However, the theory that Esterhazy was not exactly what he appears to be - a man who sold military secrets to the Germans to cover his many debts and as revenge against France for denying him the promotion and appointments he wanted - has several problems. If Esterhazy was actually a double-agent working for Sandherr at the time that the bordereau was written, Sandherr's reaction to the discovery of the bordereau makes no sense. This, indeed, would be true if the bordereau handed over by Esterhazy to the German attaché had not been a decoy designed to divert his attention onto a howitzer that had already been eliminated from large scale production: the Model 1890 120mm Baquet. As a matter of public record, only 84 of the 120mm Baquet howitzers had been manufactured (Doise, 1994) after which their production had been halted in 1893 because of basic flaws in their oleo-pneumatic recoil systems (Alvin and Andre, 1923). Another telling fact is that, in 1914-18, the few 120mm Baquet howitzers that were still in existence had been dropped out of the active French artillery inventory and handed over to the Serbian Army. An important point to be examined as well is that, beginning with the Section de Statistique, up through the Ministry of War and to the French President himself, nobody suggested at any time prior to the Dreyfus trial that the bordereau might be the work of a double agent. However, how could the Army's High Command destroy Esterhazy's credibility with the German attaché since the disinformation planted in the bordereau had been designed to divert German attention away from the French 75 ! The completed French 75mm field gun was eventually adopted three years later in 1897 and mass produced prior to WW-1 (4,500 guns). Nevertheless a more conventional explanation is reasonable if one prefers to exclude Doise's thesis involving the French 75: Esterhazy's acquittal may then be understood not as the vindication of a patriot, but as a result of the collusion of the Section de Statistique to vindicate him in order to justify and conceal their fabrication of evidence against Dreyfus.

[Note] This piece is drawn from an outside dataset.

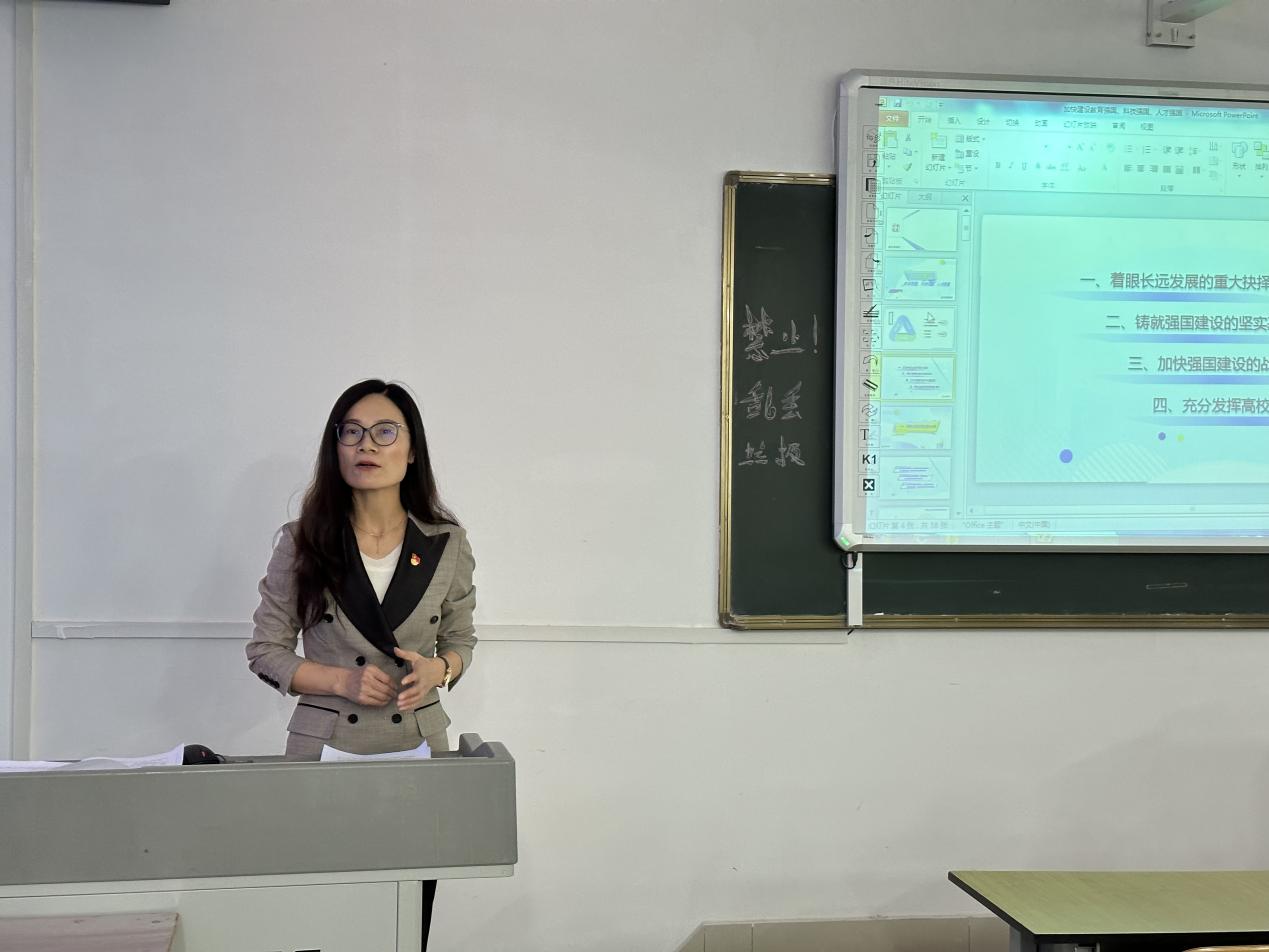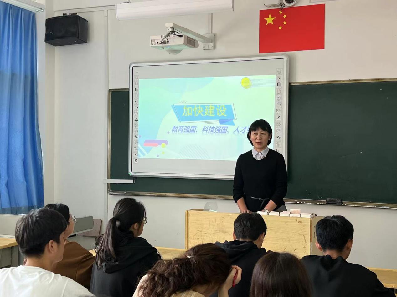 院长蔡冰围绕“着眼长远发展的重大抉择”等四个方面内容,先是从历史维度,向学生们讲解了学校的历史、新校区建设以及办学的优势特色,引导学生知校史、立大志、成大器,树立起对学校以及所学专业的自信;又从现实维度,要求学生坚定理想信念,让学生深刻认识到教育优先发展、科技自立自强、人才引领驱动对全面建设社会主义现代化国家的重要作用和深远影响。

These recent exposures by professional French Army historians entirely confirm what had already been known and/or suspected since the early 1900s: the criminal character of the machinations devised by Lt Col Sandherr and his small group (particularly Major Hubert Joseph Henry and Captain Lauth) at the "Section de Statistique". Because these counter-intelligence officers operated within a loosely supervised bureaucracy distinct from the regular military intelligence section (the 2è bureau ) at the French War Ministry, they drifted into forging evidence against Dreyfus (the "faux Henry") and perverting the course of justice (Bredin, 1986 and General Andre Bach, 2004). This happened because Lt Col Sandherr had been encouraged over the years to report directly and secretly to the office of the politically appointed War Minister himself (General Auguste Mercier who occupied this key position until 1896). It is now further documented (Bach, 2004) that General Auguste Mercier, was the responsible party in initiating this chain of events, and later in pressing for the cover-up of the Dreyfus miscarriage of justice. That he had been inspired at the very beginning by General Deloye, who directed French Artillery and supervised the French 75's secret development, is a plausible but unprovable speculation (Doise, 1984).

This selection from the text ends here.